_Work request_
Of all the lines below, return only those starting with the line holding "Серый кот в" and going on through the line holding "- 변수 처리 : 메시지", exactly as written.

_Supplied data_

[Start of section]

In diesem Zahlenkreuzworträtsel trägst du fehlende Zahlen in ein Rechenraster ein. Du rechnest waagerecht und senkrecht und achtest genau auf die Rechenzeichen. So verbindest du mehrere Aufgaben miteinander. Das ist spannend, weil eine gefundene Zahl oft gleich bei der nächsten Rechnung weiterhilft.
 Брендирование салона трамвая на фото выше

[End of section]
[Start of section]

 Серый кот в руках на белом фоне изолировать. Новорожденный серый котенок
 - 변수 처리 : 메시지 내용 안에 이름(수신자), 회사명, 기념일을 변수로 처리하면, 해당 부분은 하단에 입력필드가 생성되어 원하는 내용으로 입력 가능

[End of section]

_Written reply_
 Серый кот в руках на белом фоне изолировать. Новорожденный серый котенок
 - 변수 처리 : 메시지 내용 안에 이름(수신자), 회사명, 기념일을 변수로 처리하면, 해당 부분은 하단에 입력필드가 생성되어 원하는 내용으로 입력 가능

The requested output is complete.